Data for processing below:

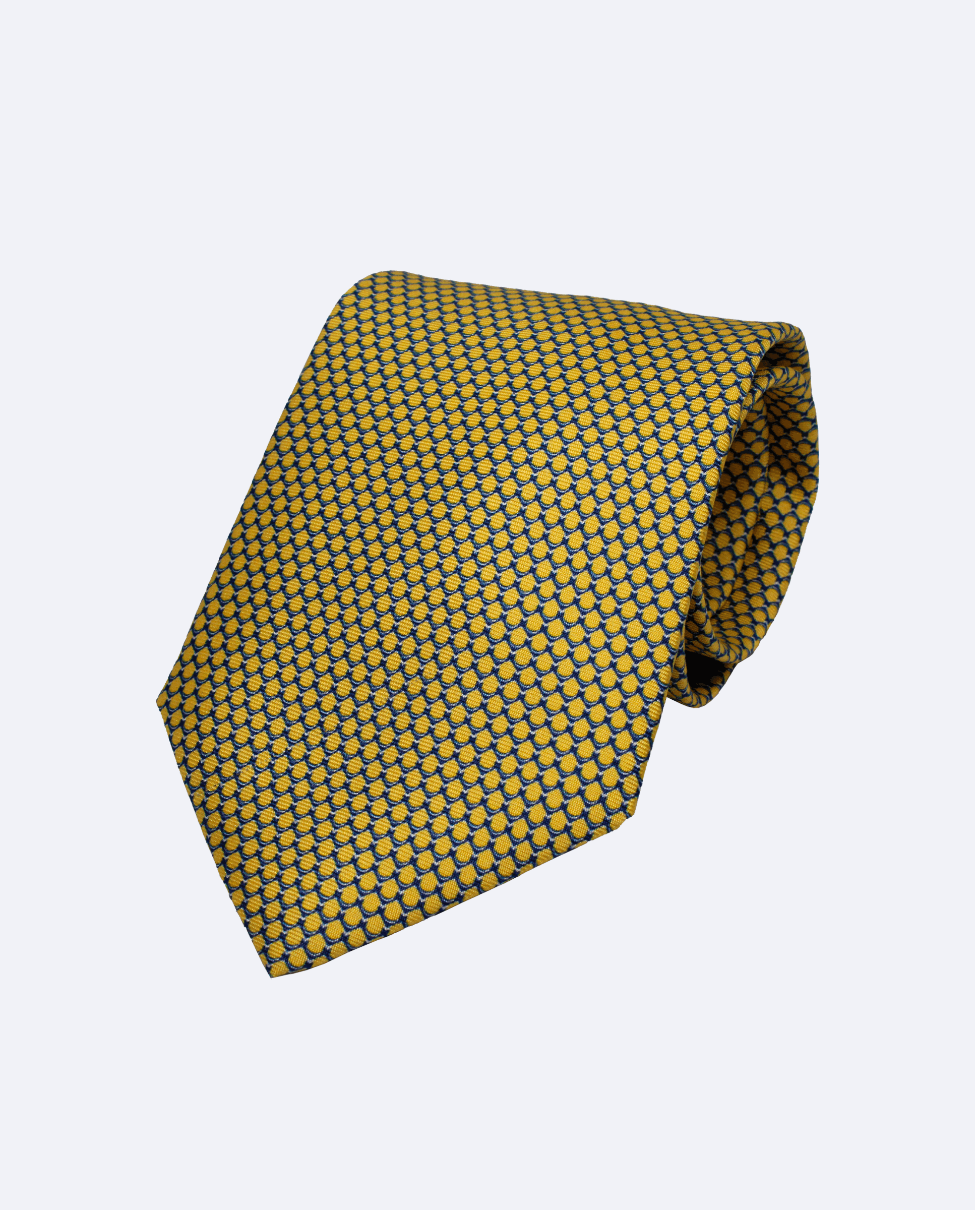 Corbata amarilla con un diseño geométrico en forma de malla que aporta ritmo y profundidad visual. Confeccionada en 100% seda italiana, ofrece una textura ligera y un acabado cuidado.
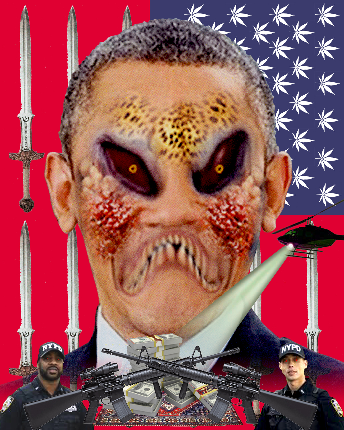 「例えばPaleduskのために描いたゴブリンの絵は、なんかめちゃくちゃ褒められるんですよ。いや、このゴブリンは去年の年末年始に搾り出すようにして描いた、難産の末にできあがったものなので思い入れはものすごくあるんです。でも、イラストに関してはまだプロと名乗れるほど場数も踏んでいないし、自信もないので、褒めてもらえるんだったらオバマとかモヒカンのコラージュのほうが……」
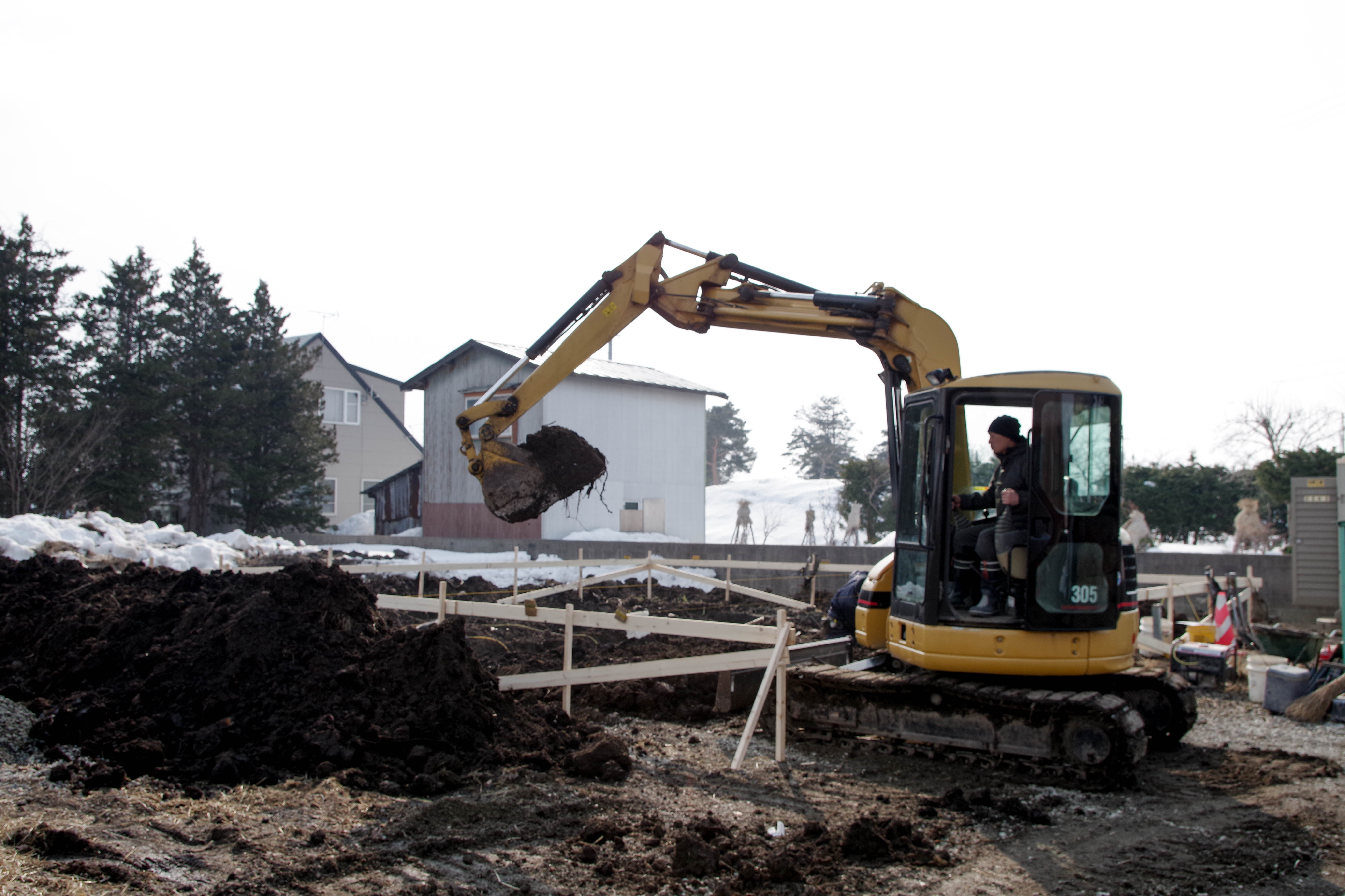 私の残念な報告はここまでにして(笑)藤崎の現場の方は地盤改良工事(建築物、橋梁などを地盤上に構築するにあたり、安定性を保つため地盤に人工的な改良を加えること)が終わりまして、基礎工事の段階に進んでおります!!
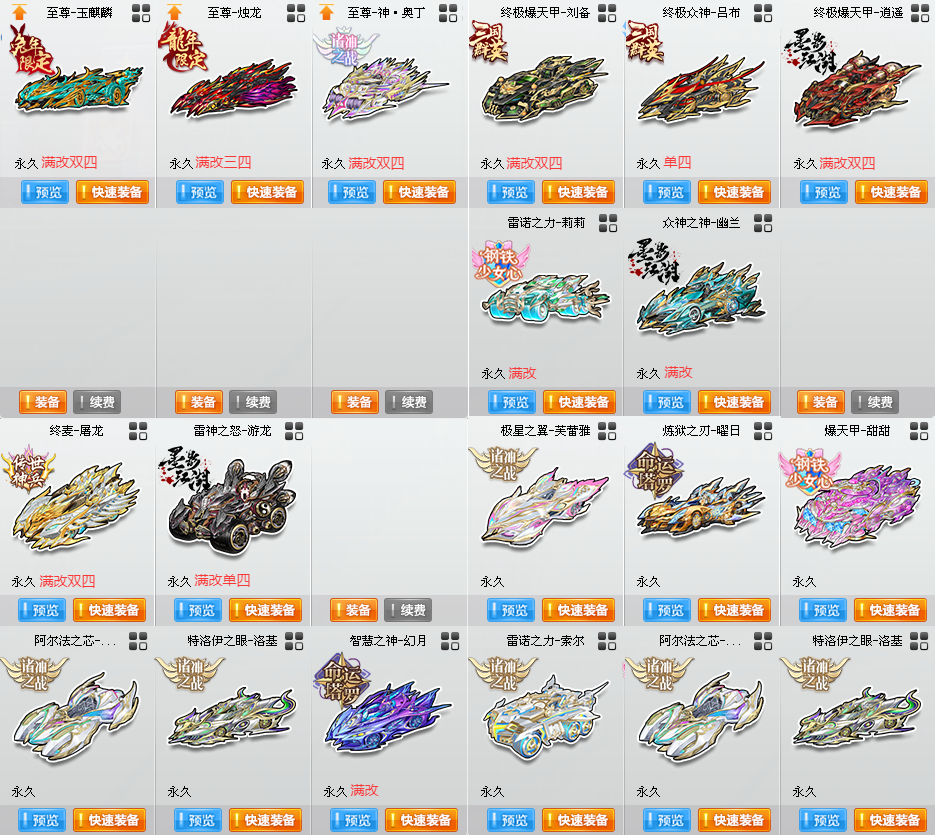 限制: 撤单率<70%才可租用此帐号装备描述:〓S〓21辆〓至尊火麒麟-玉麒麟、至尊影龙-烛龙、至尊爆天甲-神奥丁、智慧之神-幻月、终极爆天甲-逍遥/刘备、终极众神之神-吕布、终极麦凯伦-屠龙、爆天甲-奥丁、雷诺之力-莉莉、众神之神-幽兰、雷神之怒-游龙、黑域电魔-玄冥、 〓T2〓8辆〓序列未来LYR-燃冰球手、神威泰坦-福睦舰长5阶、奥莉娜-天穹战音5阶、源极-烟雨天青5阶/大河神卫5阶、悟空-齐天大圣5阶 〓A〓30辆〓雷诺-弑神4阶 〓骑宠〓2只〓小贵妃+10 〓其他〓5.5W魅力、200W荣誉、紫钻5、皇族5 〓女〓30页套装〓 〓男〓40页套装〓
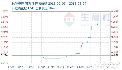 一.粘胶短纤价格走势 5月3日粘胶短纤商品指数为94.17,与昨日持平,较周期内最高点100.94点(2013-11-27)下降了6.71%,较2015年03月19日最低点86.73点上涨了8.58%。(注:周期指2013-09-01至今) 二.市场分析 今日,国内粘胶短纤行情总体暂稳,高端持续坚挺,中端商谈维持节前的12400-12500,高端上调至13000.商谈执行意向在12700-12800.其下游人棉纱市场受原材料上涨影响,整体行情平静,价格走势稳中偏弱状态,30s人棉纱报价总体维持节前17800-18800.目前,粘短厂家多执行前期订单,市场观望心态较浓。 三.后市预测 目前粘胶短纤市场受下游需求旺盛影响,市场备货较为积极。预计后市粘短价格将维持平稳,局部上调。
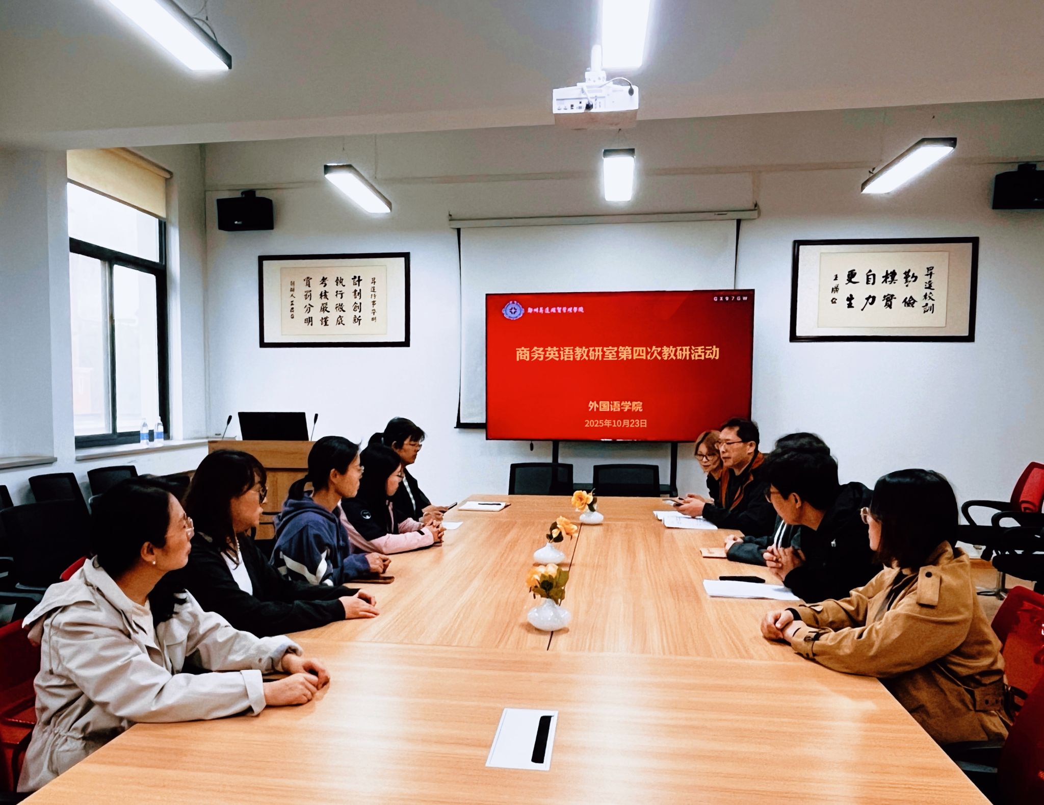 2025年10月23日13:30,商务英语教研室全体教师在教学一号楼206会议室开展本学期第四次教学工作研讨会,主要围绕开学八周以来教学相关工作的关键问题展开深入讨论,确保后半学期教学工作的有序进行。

End of Data for processing.

- **Task objective**: The required output is each record above, reproduced exactly, without its pictures.

- **Written reply**:
 Corbata amarilla con un diseño geométrico en forma de malla que aporta ritmo y profundidad visual. Confeccionada en 100% seda italiana, ofrece una textura ligera y un acabado cuidado.
 「例えばPaleduskのために描いたゴブリンの絵は、なんかめちゃくちゃ褒められるんですよ。いや、このゴブリンは去年の年末年始に搾り出すようにして描いた、難産の末にできあがったものなので思い入れはものすごくあるんです。でも、イラストに関してはまだプロと名乗れるほど場数も踏んでいないし、自信もないので、褒めてもらえるんだったらオバマとかモヒカンのコラージュのほうが……」
 私の残念な報告はここまでにして(笑)藤崎の現場の方は地盤改良工事(建築物、橋梁などを地盤上に構築するにあたり、安定性を保つため地盤に人工的な改良を加えること)が終わりまして、基礎工事の段階に進んでおります!!
 限制: 撤单率<70%才可租用此帐号装备描述:〓S〓21辆〓至尊火麒麟-玉麒麟、至尊影龙-烛龙、至尊爆天甲-神奥丁、智慧之神-幻月、终极爆天甲-逍遥/刘备、终极众神之神-吕布、终极麦凯伦-屠龙、爆天甲-奥丁、雷诺之力-莉莉、众神之神-幽兰、雷神之怒-游龙、黑域电魔-玄冥、 〓T2〓8辆〓序列未来LYR-燃冰球手、神威泰坦-福睦舰长5阶、奥莉娜-天穹战音5阶、源极-烟雨天青5阶/大河神卫5阶、悟空-齐天大圣5阶 〓A〓30辆〓雷诺-弑神4阶 〓骑宠〓2只〓小贵妃+10 〓其他〓5.5W魅力、200W荣誉、紫钻5、皇族5 〓女〓30页套装〓 〓男〓40页套装〓
 一.粘胶短纤价格走势 5月3日粘胶短纤商品指数为94.17,与昨日持平,较周期内最高点100.94点(2013-11-27)下降了6.71%,较2015年03月19日最低点86.73点上涨了8.58%。(注:周期指2013-09-01至今) 二.市场分析 今日,国内粘胶短纤行情总体暂稳,高端持续坚挺,中端商谈维持节前的12400-12500,高端上调至13000.商谈执行意向在12700-12800.其下游人棉纱市场受原材料上涨影响,整体行情平静,价格走势稳中偏弱状态,30s人棉纱报价总体维持节前17800-18800.目前,粘短厂家多执行前期订单,市场观望心态较浓。 三.后市预测 目前粘胶短纤市场受下游需求旺盛影响,市场备货较为积极。预计后市粘短价格将维持平稳,局部上调。
 2025年10月23日13:30,商务英语教研室全体教师在教学一号楼206会议室开展本学期第四次教学工作研讨会,主要围绕开学八周以来教学相关工作的关键问题展开深入讨论,确保后半学期教学工作的有序进行。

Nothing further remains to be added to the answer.